- _Task directions_
Please set down every entry again exactly as it stands, without the pictures.

- _Entries taken from a collection_

↓

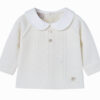 Il maglioncino in lana color crema si distingue per il suo elegante collo rotondo bianco, i suoi delicati dettagli lavorati sul davanti e i suoi due bottoni decorativi in madreperla, che aggiungono un tocco prezioso all’outfit del tuo bambino. La sua abbottonatura sul retro facilita la vestizione preservando il comfort e la libertà di movimento del tuo bambino, per giornate serene ed eleganti.
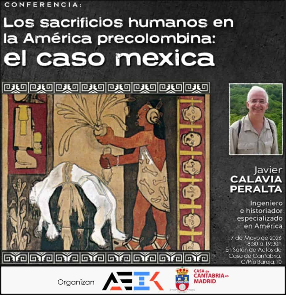 La Casa de Cantabria en Madrid y la Asociación de Eméritos IBM y Kyndryl invitan a todos los interesados en la historia y la antropología a la conferencia titulada «Los sacrificios humanos en la América precolombina: el caso mexica», que se llevará a cabo el próximo 7 de mayo de 2026. El evento tendrá lugar en nuestro Salón de Actos, en un horario de 18:30 a 20:00 horas.
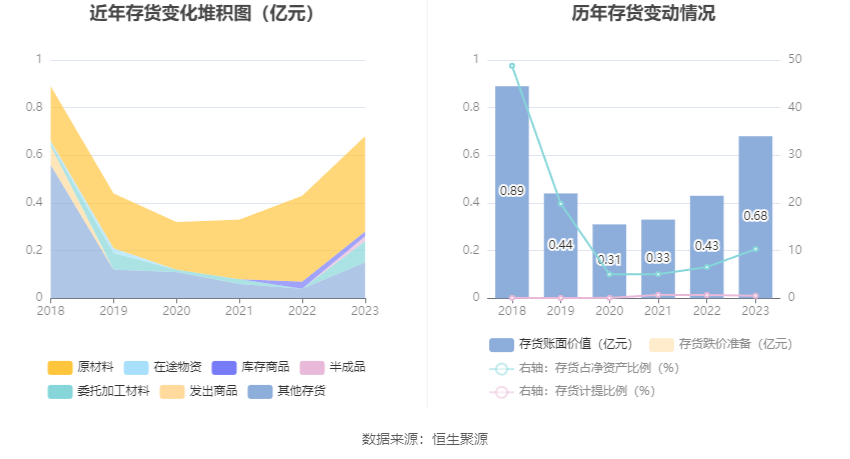 从存货变动来看,法例2023年年末,公司存货账面价值为6812.44万元,占净钞票的10.31%,较上年末增多2496.52万元。其中,存货跌价准备为35.91万元,计提比例为0.52%。
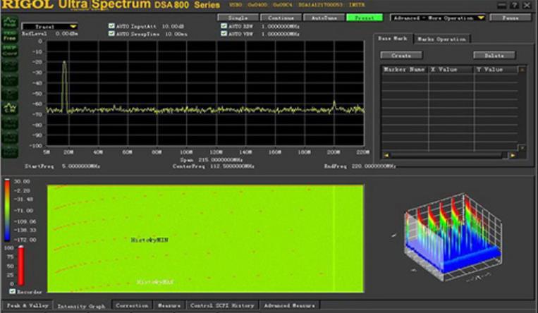 選配的Ultra Spectrum DSA系列頻譜儀軟件不但可以完成頻譜儀的控制,數據傳輸功能,還可以提供強大的光譜圖、瀑布圖等顯示和分析功能。
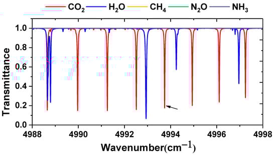 HITRAN simulation of the real atmosphere spectrum near 2 µm. Simulation conditions: temperature 296 K; pressure 90 Torr; absorption light path 407.4 m. (CH4 2 ppm, CO2 400 ppm, H2O 1.8%, N2O 320 ppb, NH3 20 ppb). The black arrow indicates the CO2 absorption line at 4993.7431 cm−1 selected during the measurement.
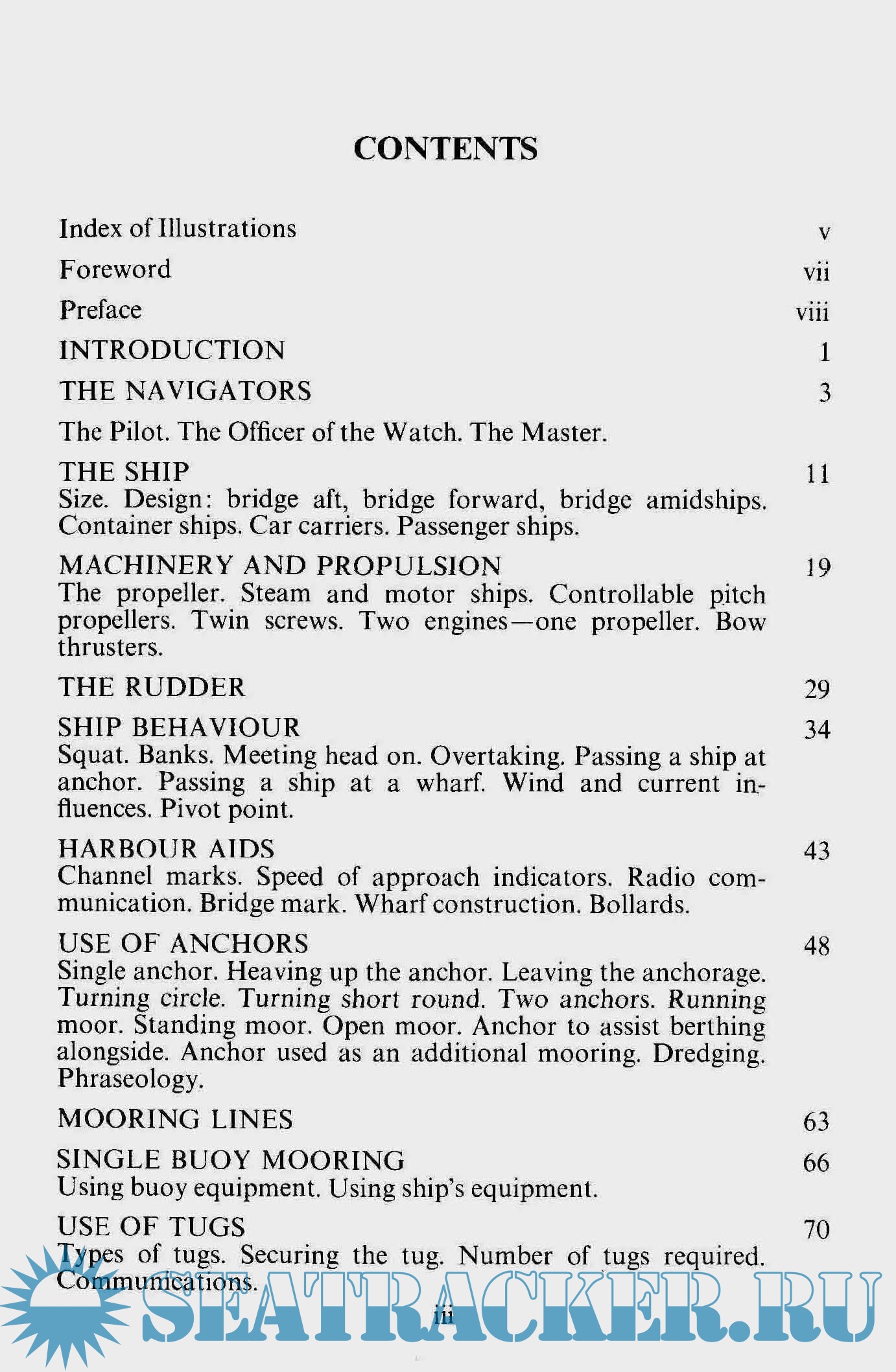 Description: Explains many fundamental principles of ship handling as applied to berthing, unberthing, passing and anchoring. The advantages and disadvantages of motor ships, steamers, bow thrusters and controllable pitch propellers are explained. Particular attention has been given to the effective placement and use of tugs in various situations and there is a summary of developments in tug propulsion from single screw to tractor.
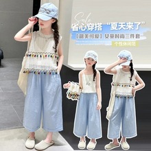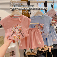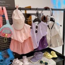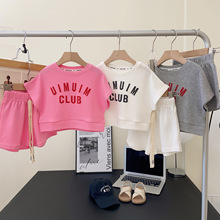 크림색 아동복 여아 세트 2024 신상 아동 운동복 유아 투피스 세트 스포츠 한국 스타일 트렌디 아동복
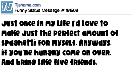 - # 192587 I don't know why but I always end up making just a little bit too much spaghetti for myself to eat. Anyways, if anyone's hungry come on over. And bring like five friends.
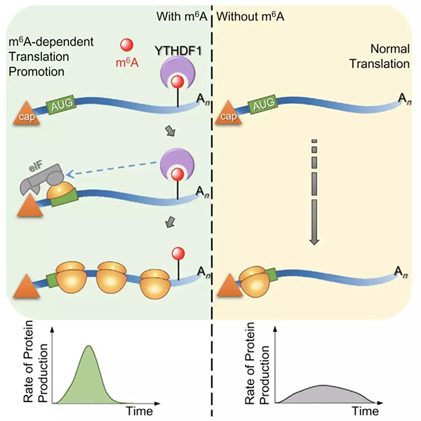 不過,早在2015年,何川團隊就發(fā)現(xiàn)m6A修飾后的mRNA通過與YTHDF1結合影響基因的翻譯效率[13]。
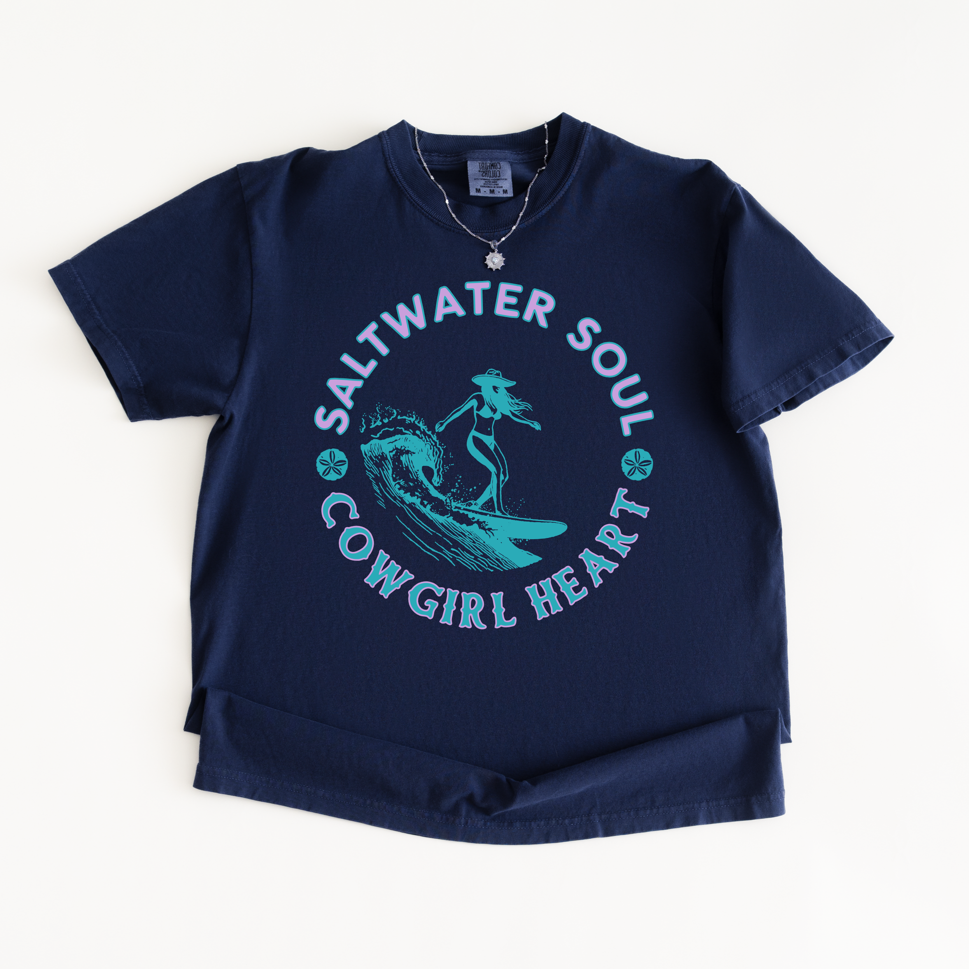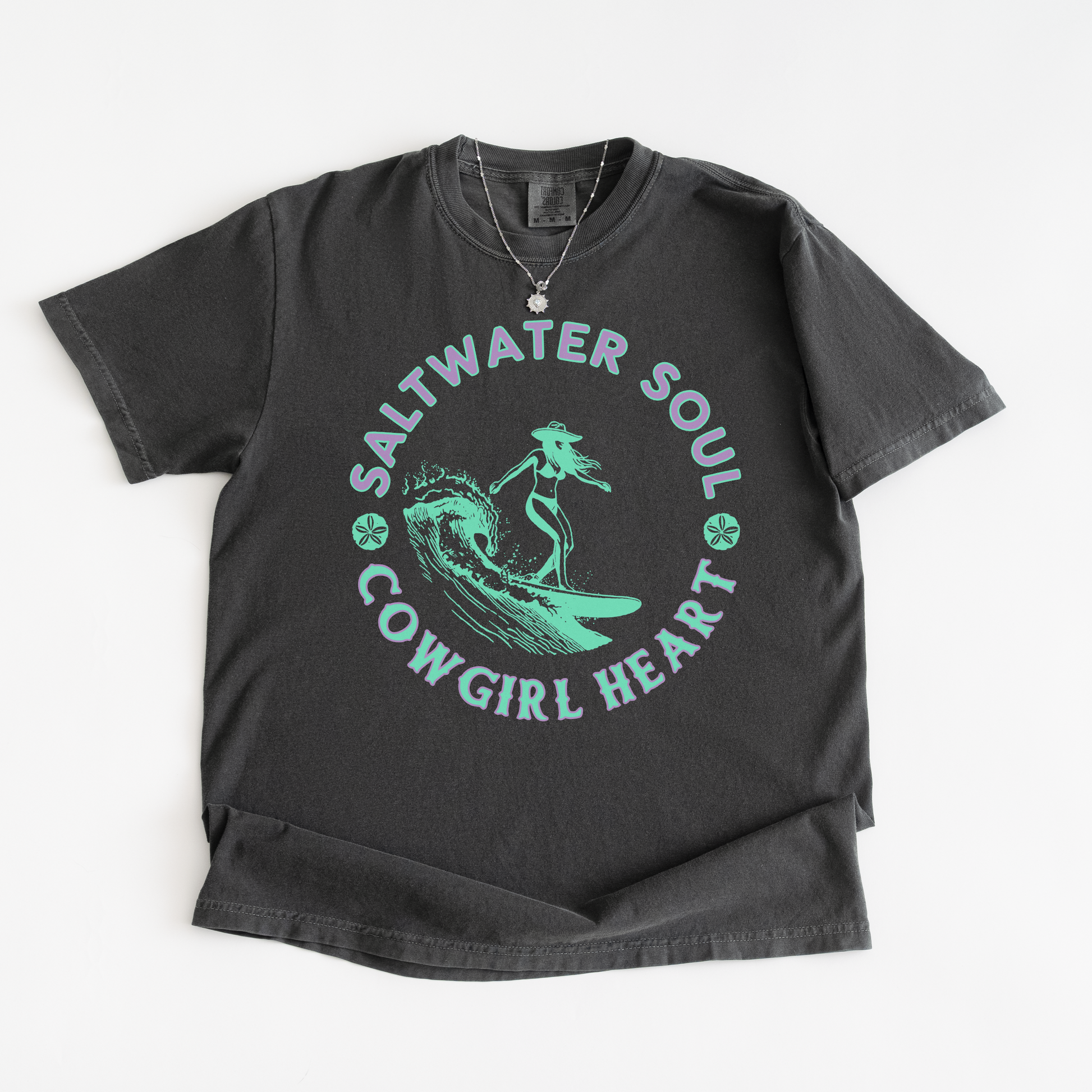 This "Saltwater Soul, Cowgirl Heart" tee is for the woman who shows up to the beach in cowboy boots and doesn't think twice about it. She surfs, she rides, she does both — and she looks good doing it.
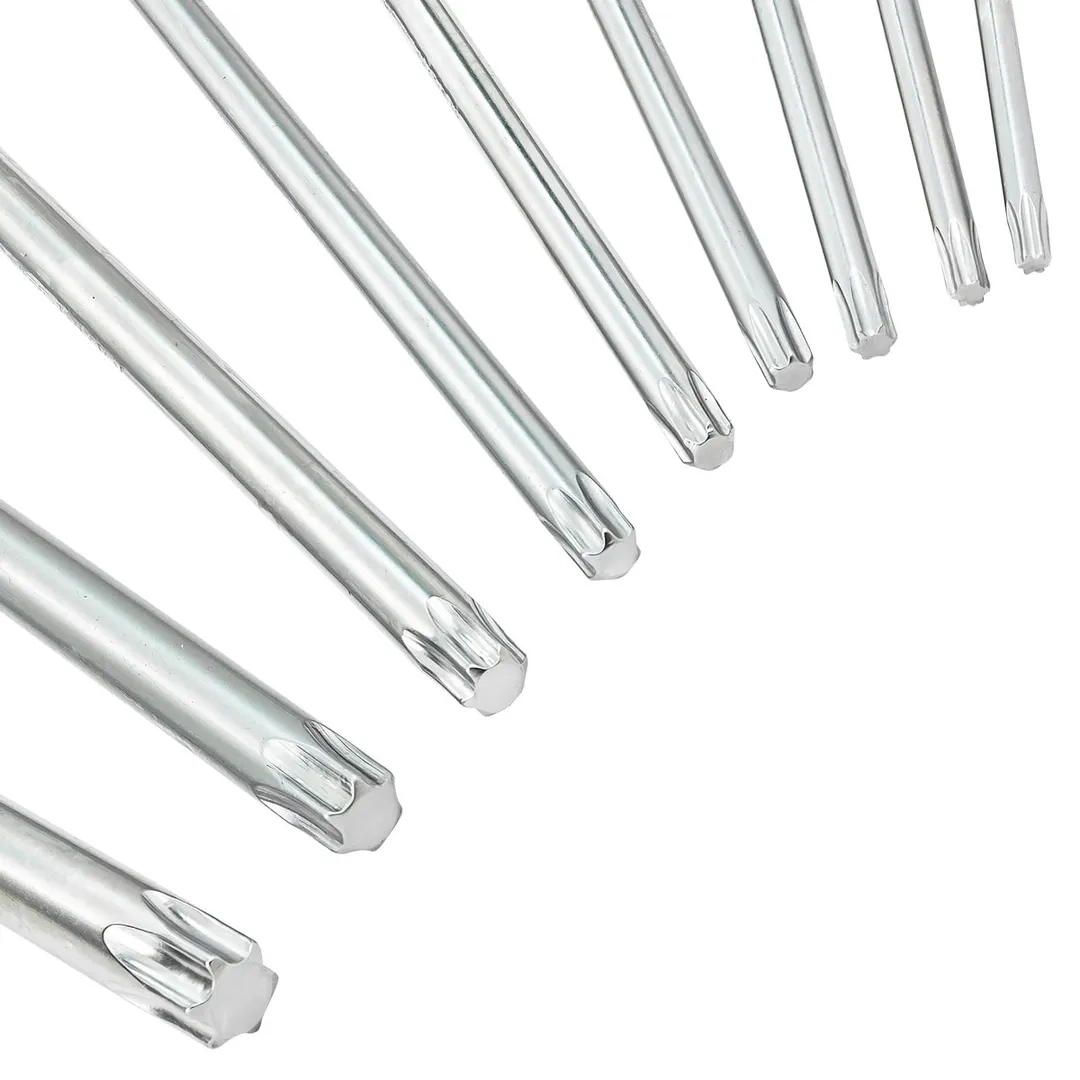 Набор ключей Г-образных Torx экстрадлинных - это профессиональный инструмент для закручивания и откручивания деталей с соответствующими отверстиями. Набор Г-образных ключей - это универсальный набор инструментов для слесарно-монтажных работ, содержащий 9 ключей разных размеров. Ключи изготовлены из хромованадиевой стали, отличаются высокой прочностью и устойчивостью к износу. Каждый ключ имеет свой размер и форму, которые позволяют обеспечить надежное крепление и фиксацию крепежа с шестигранным профилем. Набор упакован в пластиковый держатель, который обеспечивает удобство хранения и транспортировки инструментов.

↑

- _Solution for this exercise_
 Il maglioncino in lana color crema si distingue per il suo elegante collo rotondo bianco, i suoi delicati dettagli lavorati sul davanti e i suoi due bottoni decorativi in madreperla, che aggiungono un tocco prezioso all’outfit del tuo bambino. La sua abbottonatura sul retro facilita la vestizione preservando il comfort e la libertà di movimento del tuo bambino, per giornate serene ed eleganti.
 La Casa de Cantabria en Madrid y la Asociación de Eméritos IBM y Kyndryl invitan a todos los interesados en la historia y la antropología a la conferencia titulada «Los sacrificios humanos en la América precolombina: el caso mexica», que se llevará a cabo el próximo 7 de mayo de 2026. El evento tendrá lugar en nuestro Salón de Actos, en un horario de 18:30 a 20:00 horas.
 从存货变动来看,法例2023年年末,公司存货账面价值为6812.44万元,占净钞票的10.31%,较上年末增多2496.52万元。其中,存货跌价准备为35.91万元,计提比例为0.52%。
 選配的Ultra Spectrum DSA系列頻譜儀軟件不但可以完成頻譜儀的控制,數據傳輸功能,還可以提供強大的光譜圖、瀑布圖等顯示和分析功能。
 HITRAN simulation of the real atmosphere spectrum near 2 µm. Simulation conditions: temperature 296 K; pressure 90 Torr; absorption light path 407.4 m. (CH4 2 ppm, CO2 400 ppm, H2O 1.8%, N2O 320 ppb, NH3 20 ppb). The black arrow indicates the CO2 absorption line at 4993.7431 cm−1 selected during the measurement.
 Description: Explains many fundamental principles of ship handling as applied to berthing, unberthing, passing and anchoring. The advantages and disadvantages of motor ships, steamers, bow thrusters and controllable pitch propellers are explained. Particular attention has been given to the effective placement and use of tugs in various situations and there is a summary of developments in tug propulsion from single screw to tractor.
 크림색 아동복 여아 세트 2024 신상 아동 운동복 유아 투피스 세트 스포츠 한국 스타일 트렌디 아동복
 - # 192587 I don't know why but I always end up making just a little bit too much spaghetti for myself to eat. Anyways, if anyone's hungry come on over. And bring like five friends.
 不過,早在2015年,何川團隊就發(fā)現(xiàn)m6A修飾后的mRNA通過與YTHDF1結合影響基因的翻譯效率[13]。
 This "Saltwater Soul, Cowgirl Heart" tee is for the woman who shows up to the beach in cowboy boots and doesn't think twice about it. She surfs, she rides, she does both — and she looks good doing it.
 Набор ключей Г-образных Torx экстрадлинных - это профессиональный инструмент для закручивания и откручивания деталей с соответствующими отверстиями. Набор Г-образных ключей - это универсальный набор инструментов для слесарно-монтажных работ, содержащий 9 ключей разных размеров. Ключи изготовлены из хромованадиевой стали, отличаются высокой прочностью и устойчивостью к износу. Каждый ключ имеет свой размер и форму, которые позволяют обеспечить надежное крепление и фиксацию крепежа с шестигранным профилем. Набор упакован в пластиковый держатель, который обеспечивает удобство хранения и транспортировки инструментов.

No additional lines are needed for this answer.